▸ Stored data:
===============
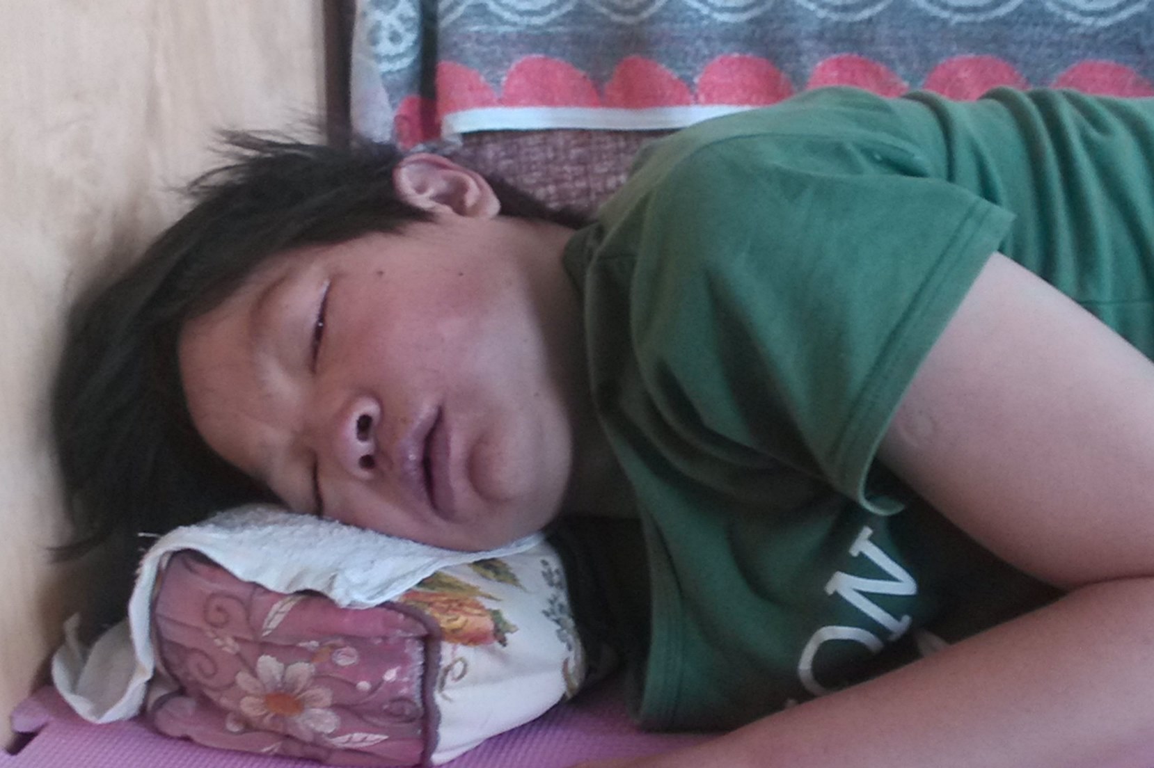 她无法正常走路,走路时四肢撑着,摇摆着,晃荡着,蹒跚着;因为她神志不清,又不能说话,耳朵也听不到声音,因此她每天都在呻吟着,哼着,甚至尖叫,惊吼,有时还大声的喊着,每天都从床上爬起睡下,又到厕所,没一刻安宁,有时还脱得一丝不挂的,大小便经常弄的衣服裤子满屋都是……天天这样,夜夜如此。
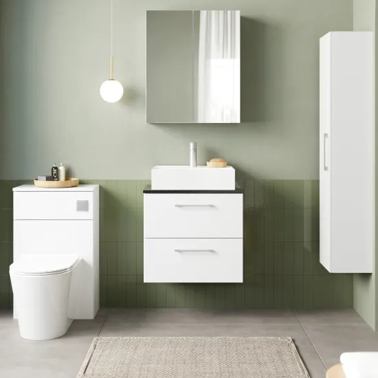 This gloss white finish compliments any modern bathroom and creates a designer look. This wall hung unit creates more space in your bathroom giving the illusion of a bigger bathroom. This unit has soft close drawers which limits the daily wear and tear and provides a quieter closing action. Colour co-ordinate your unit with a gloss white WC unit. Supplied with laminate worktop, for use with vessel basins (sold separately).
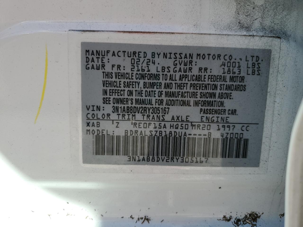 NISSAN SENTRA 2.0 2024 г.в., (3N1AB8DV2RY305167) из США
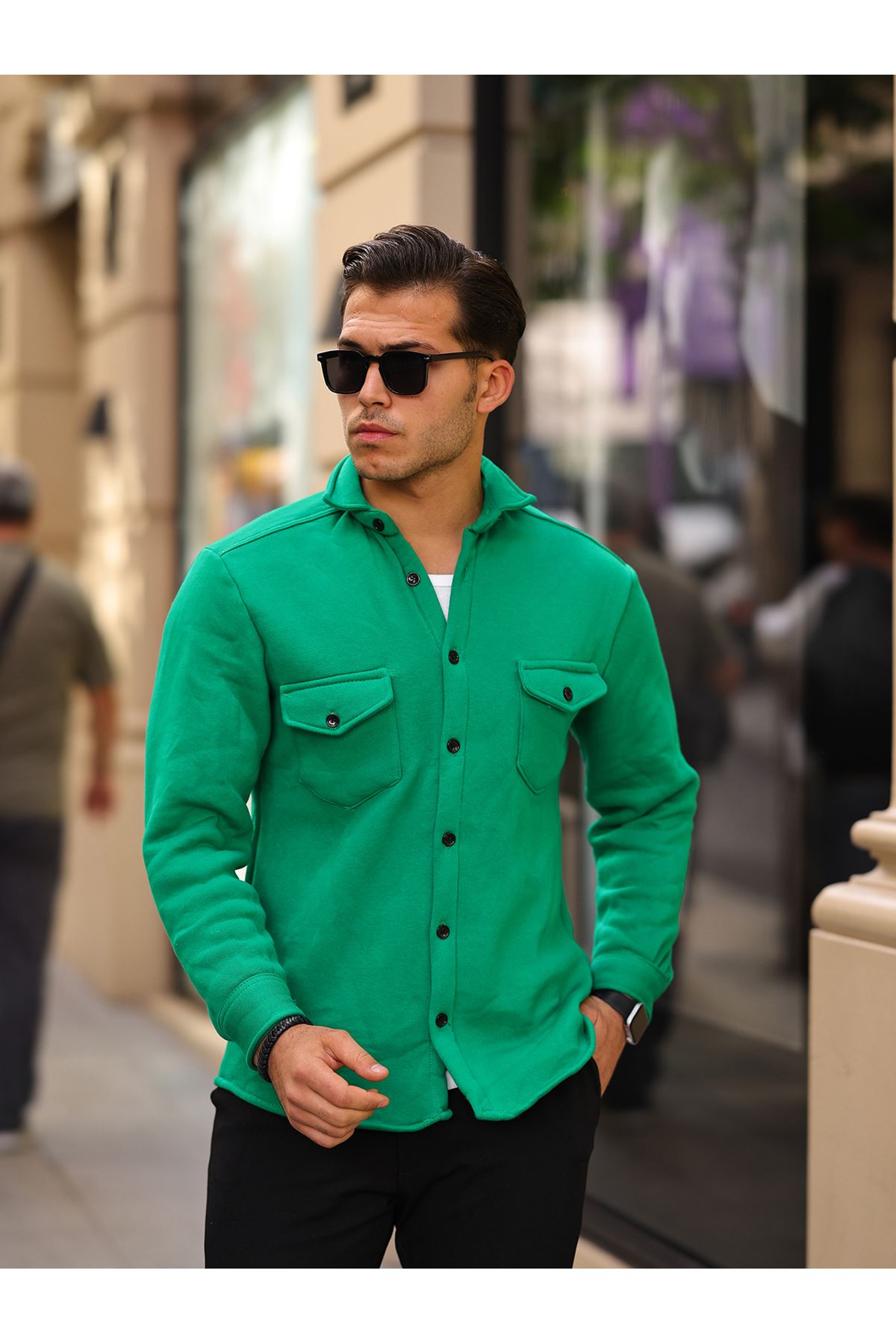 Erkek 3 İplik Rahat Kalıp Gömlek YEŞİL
===============
In transcribing the listing, keep each word as it is and drop the pictures.

 她无法正常走路,走路时四肢撑着,摇摆着,晃荡着,蹒跚着;因为她神志不清,又不能说话,耳朵也听不到声音,因此她每天都在呻吟着,哼着,甚至尖叫,惊吼,有时还大声的喊着,每天都从床上爬起睡下,又到厕所,没一刻安宁,有时还脱得一丝不挂的,大小便经常弄的衣服裤子满屋都是……天天这样,夜夜如此。
 This gloss white finish compliments any modern bathroom and creates a designer look. This wall hung unit creates more space in your bathroom giving the illusion of a bigger bathroom. This unit has soft close drawers which limits the daily wear and tear and provides a quieter closing action. Colour co-ordinate your unit with a gloss white WC unit. Supplied with laminate worktop, for use with vessel basins (sold separately).
 NISSAN SENTRA 2.0 2024 г.в., (3N1AB8DV2RY305167) из США
 Erkek 3 İplik Rahat Kalıp Gömlek YEŞİL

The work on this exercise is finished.